Both functions and tags are organized in libraries. A Liquor library looks like this:
module LiquorFoo
include Liquor::Library
function # ...
tag # ...
end
The libraries should be provided to the Liquor::Manager
constructor, e.g. Liquor::Manager.new(import: [LiquorFoo])
.
Passing Ruby objects to Liquor code
Liquor represents primitive Liquor objects (null, booleans, integers, strings and tuples) using the corresponding primitive Ruby objects, so they can be passed as-is. Liquor does not extend core Ruby classes.

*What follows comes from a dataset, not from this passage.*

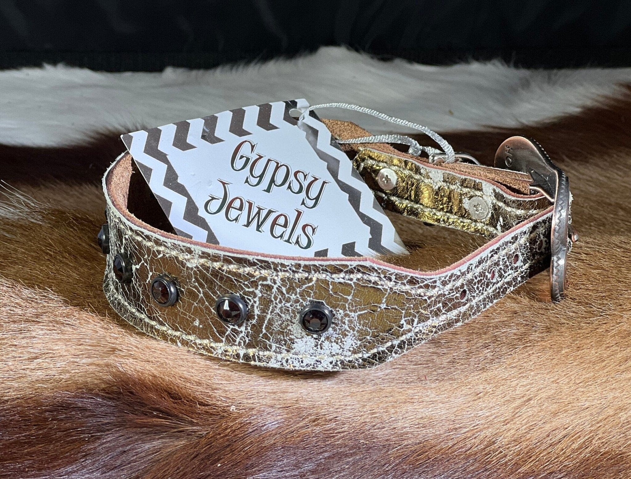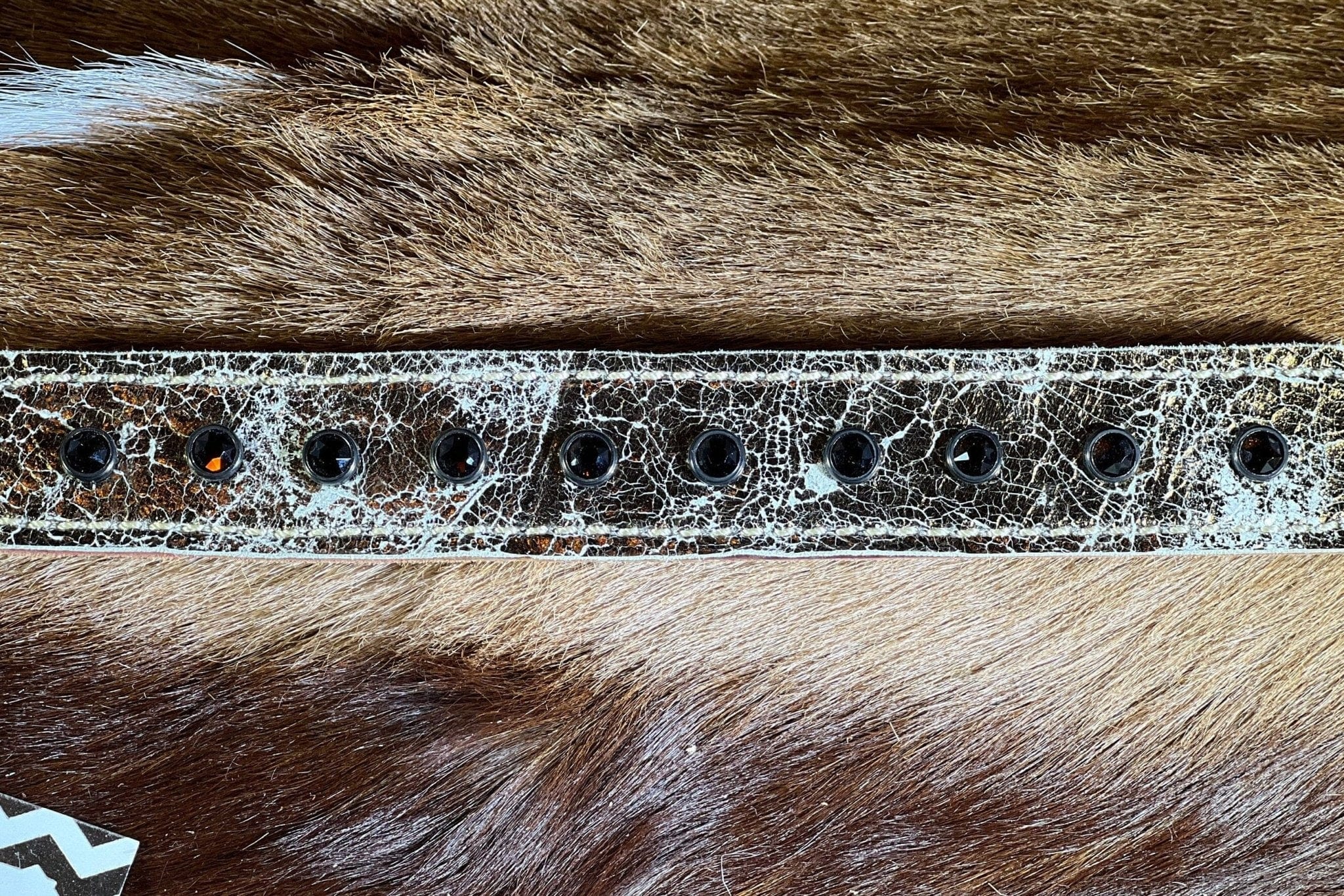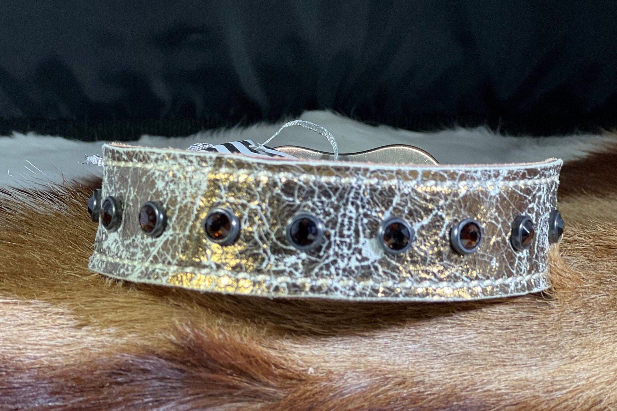Handcrafted from premium crackled gold leather, this Crackled GOLD Dog Collar exudes elegance and sophistication. Each Crackled GOLD Dog Collar is meticulously adorned with sparkling mocha-colored Swarovski Crystals, catching the light with every wag of the tail. Crackled GOLD Dog Collar is perfect for pups who love to strut their stuff, this Crackled GOLD Dog Collar adds a touch of glamour to daily walks and special occasions alike.

All other objects must include Liquor::External
in order to be accessible from Liquor. They need to call export
on module level to explicitly mark functions as accessible to Liquor. The functions always receive two arguments: the unnamed argument and the hash of keyword arguments, e.g.:
class FooExternal
include Liquor::External
def meth(arg, kwargs)
# ...
end
export :meth
Additionally, external methods can be deprecated using deprecate :meth, date: '2014-11-11', message: 'meth is deprecated, use meth1 instead'
. The date (i.e. the intended date of final removal) and message will appear in the message of the emitted Liquor::Diagnostic
. The diagnostic will only be emitted when the method is actually called.
Library integrations
Liquor contains code to integrate with some popular libraries
ActiveRecord
Liquor contains built-in support for passing ActiveRecord scopes and model instances as externals. To use it, require 'liquor/dropable'
, then include Liquor::Dropable
in the model, and then simply pass the scope or model instance to the template.
Rails
Liquor contains a Rails renderer for Liquor templates that supports layouts. To use it `require 'liquor/extensions/rails', then use the following code in your actions:
render liquor: {
manager: manager,
template: template_name,
layout: layout_name,
environment: environment,
}
See the section "Renering templates" for the meaning of the renderer arguments.
Kaminari
To use Kaminari integration, require 'liquor/extensions/kaminari'
. This will monkey-patch Kaminari::PaginatableArray
and allow to pass any object paginated by Kaminari to Liquor templates.
Tire
To use Tire integration, require 'liquor/extensions/tire'
. This will monkey-patch Tire::Results::Collection
and Tire::Search::Search
and allow to pass any object generated by Tire to Liquor templates.
ThinkingSphinx
To use ThinkingSphinx integration, require 'liquor/extensions/thinking_sphinx'
. This will monkey-patch ThinkingSphinx::Search
and allow to pass any object generated by ThinkingSphinx to Liquor templates.
Contributing
- Fork it
- Create your feature branch (
git checkout -b my-new-feature
) - Commit your changes (
git commit -am 'Added some feature'
) - Push to the branch (
git push origin my-new-feature
) - Create new Pull Request
License
Liquor is distributed under the terms of MIT license.